[Opening Dataset section]

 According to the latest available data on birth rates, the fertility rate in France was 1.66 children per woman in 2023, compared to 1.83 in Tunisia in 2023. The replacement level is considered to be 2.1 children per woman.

[Closing Dataset section]
[Opening Dataset section]

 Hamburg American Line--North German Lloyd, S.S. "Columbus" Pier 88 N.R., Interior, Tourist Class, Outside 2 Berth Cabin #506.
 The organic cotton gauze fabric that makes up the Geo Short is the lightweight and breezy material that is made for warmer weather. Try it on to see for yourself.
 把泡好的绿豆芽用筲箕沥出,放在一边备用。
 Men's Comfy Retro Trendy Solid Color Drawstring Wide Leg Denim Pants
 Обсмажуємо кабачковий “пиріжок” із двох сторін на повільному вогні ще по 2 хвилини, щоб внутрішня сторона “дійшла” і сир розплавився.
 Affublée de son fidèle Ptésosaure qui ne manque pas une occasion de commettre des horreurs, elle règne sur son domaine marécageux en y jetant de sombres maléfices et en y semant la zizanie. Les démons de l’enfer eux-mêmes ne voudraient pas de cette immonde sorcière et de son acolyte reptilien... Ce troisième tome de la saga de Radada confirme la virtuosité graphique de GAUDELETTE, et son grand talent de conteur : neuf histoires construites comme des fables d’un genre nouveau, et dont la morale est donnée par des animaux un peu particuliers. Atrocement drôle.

[Closing Dataset section]

- [Problem details]:
Within the listing above, locate the line containing "і сир розплавився." and the line containing "Affublée de son". Reproduce those two lines and all lines between them exactly, with nothing added.

- [Answer box]:
 Обсмажуємо кабачковий “пиріжок” із двох сторін на повільному вогні ще по 2 хвилини, щоб внутрішня сторона “дійшла” і сир розплавився.
 Affublée de son fidèle Ptésosaure qui ne manque pas une occasion de commettre des horreurs, elle règne sur son domaine marécageux en y jetant de sombres maléfices et en y semant la zizanie. Les démons de l’enfer eux-mêmes ne voudraient pas de cette immonde sorcière et de son acolyte reptilien... Ce troisième tome de la saga de Radada confirme la virtuosité graphique de GAUDELETTE, et son grand talent de conteur : neuf histoires construites comme des fables d’un genre nouveau, et dont la morale est donnée par des animaux un peu particuliers. Atrocement drôle.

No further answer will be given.